Comic Book Satire The People’s Joker Pulled From TIFF

The Joker we never expected will have to remain unseen. According to That Shelf, a movie called The People’s Joker, which screened earlier today at the Toronto International Film Festival’s Midnight Madness program, had the rest of its screenings canceled because of a “rights issue” with Warner Bros. The film, co-written and directed by Vera Drew, is a satire of comic book movies about “an aspiring clown grappling with her gender identity” who “combats a fascistic caped crusader.” Okay, then. The problem is that The People’s Joker uses the names Batman and The Joker, which belong to Warner Bros. Discovery. While Drew has yet to comment directly, she retweeted this, which includes a screenshot of the apology email TIFF sent to ticket holders:

Yeah, copyright infringement is a laugh riot. But I don’t think this is a case of a filmmaker bursting at the seams to express herself. I think Drew knew this would happen and used it to generate publicity for her weirdo movie by making herself look like the victim. She could easily have named the characters in her film something other than “Batman” and “The Joker,” just like Hot Shots didn’t name Topper Harley “Maverick” and Austin Powers didn’t call its spy parody lead “James Bond.” Instead, she stole characters to whom someone else owns the rights, and she’s got idiots like one of the guys retweeted up there thinking “the man” is taking something away from her. The film is even billed at TIFF as “an illegal comic book movie about a transgender clown named Joker;” she knew exactly what she was doing. I can’t imagine who’d want to see this movie (well, I guess I can imagine), but now that it’s taboo, it’ll be talked about a lot more than it would have been – and her name will be out there as a dangerous, punk rock filmmaker.

Do you think The People’s Joker was a publicity stunt or an honest attempt to appropriate someone else’s characters? Would you ever watch this thing? Are the defenders of the movie (and I’m sure there are lots of them) already citing the alternate-timeline Joker from Flashpoint as proof that the Clown Prince of Crime has always been transgender? Let us know in the comments, and stay tuned to Geeks + Gamers for stories on some comic book movies you might actually get to see!

Comments (2)

September 15, 2022 at 11:03 am

I wouldn’t even call this satire, as much as I’d call it stealing characters from a known brand in order to project their own terrible ideas.

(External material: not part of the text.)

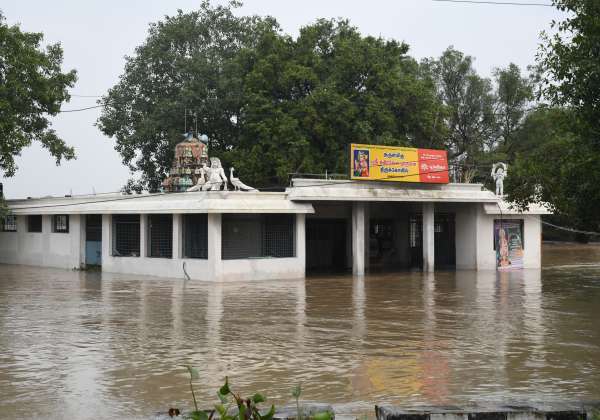 விழுப்புரம் முத்தம்பாளையம் முருகர் கோவில் மழை நீரில் பாதியளவு மூழ்கியது.
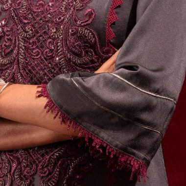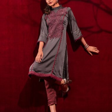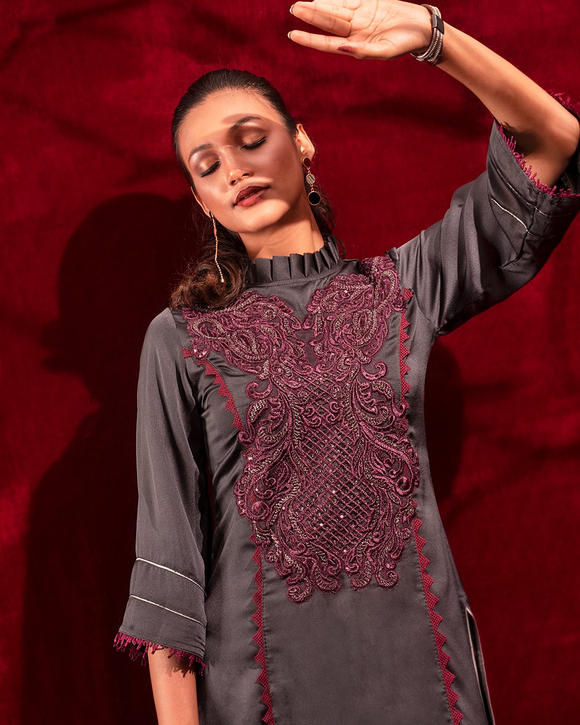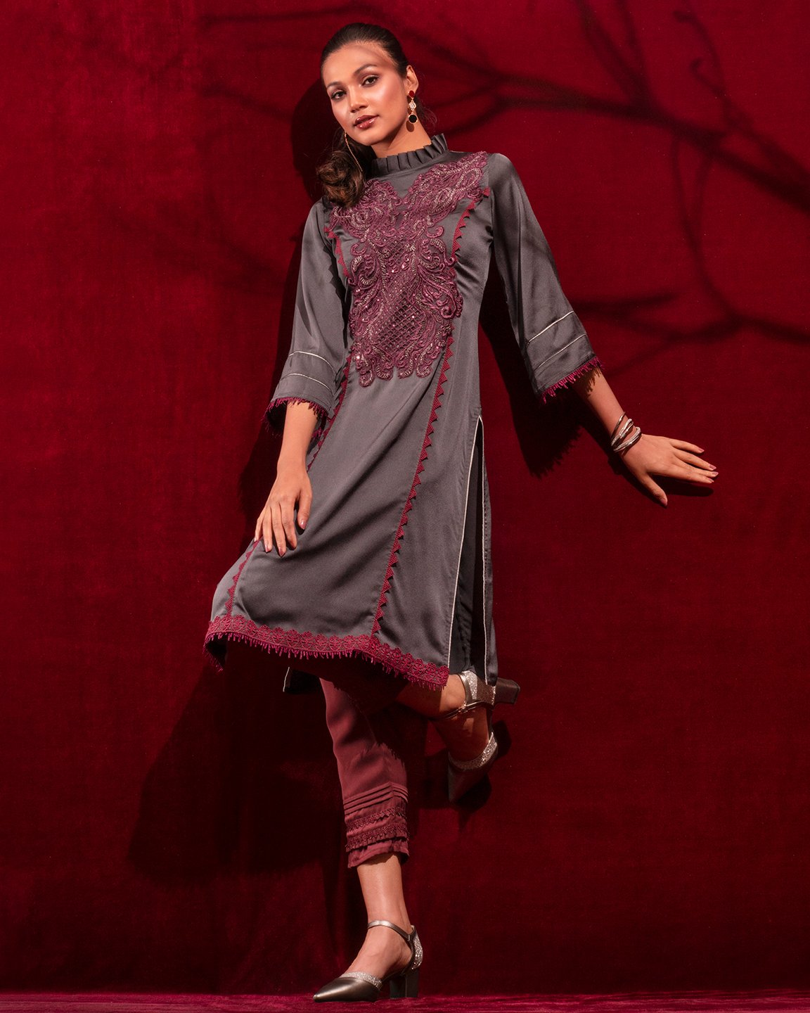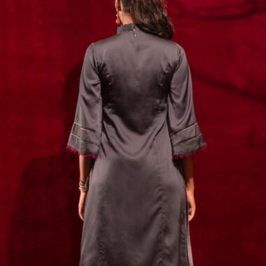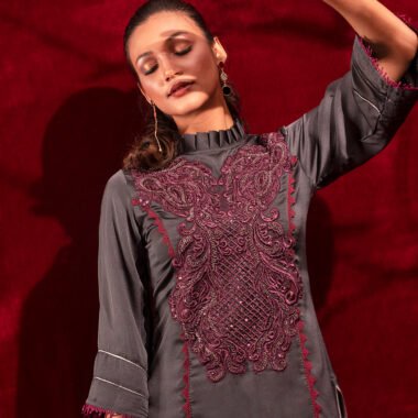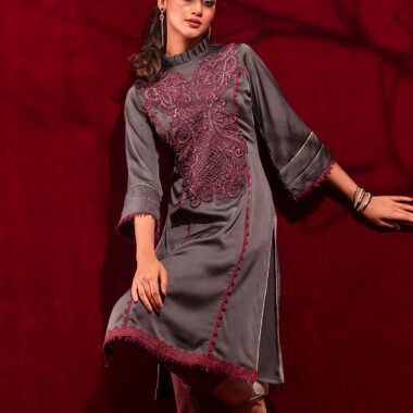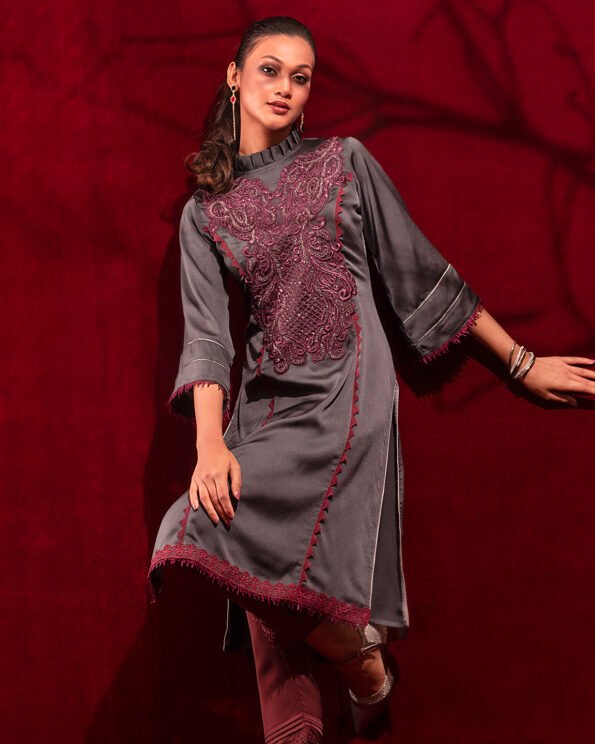 Sold OutCrepe A-line long kameez has band collar with ruffle, has front mid armhole princess line cut with lace details, has front hemline lace details , both side slits with contrast, front part has hand embroidery work, has three quarter flared sleeve with contrast & lace details.

It’s a common tactic for talentless people that think they are world changing but aren’t actually interesting at all.

WB came in and said to cease and decease. Probably because this ridiculous film, not even a fan pic, is stolen material that damages the already struggling brand. I’m surprised WB hasn’t came out with a harsher legal voice due to the creator of this movie’s unhinged rants on Twitter.

In the end I would say this was a pure appropriate of someone else’s creation in hopes of making a name for themselves and to make money off of it due to their own lack of originality and talent. Trying to steal someone else’s work but got caught.

    September 16, 2022 at 6:50 pm

    That’s what it looks like. She’s positioning herself to be some indie darling, and she’ll have “the big studios hate me” cred with idiots.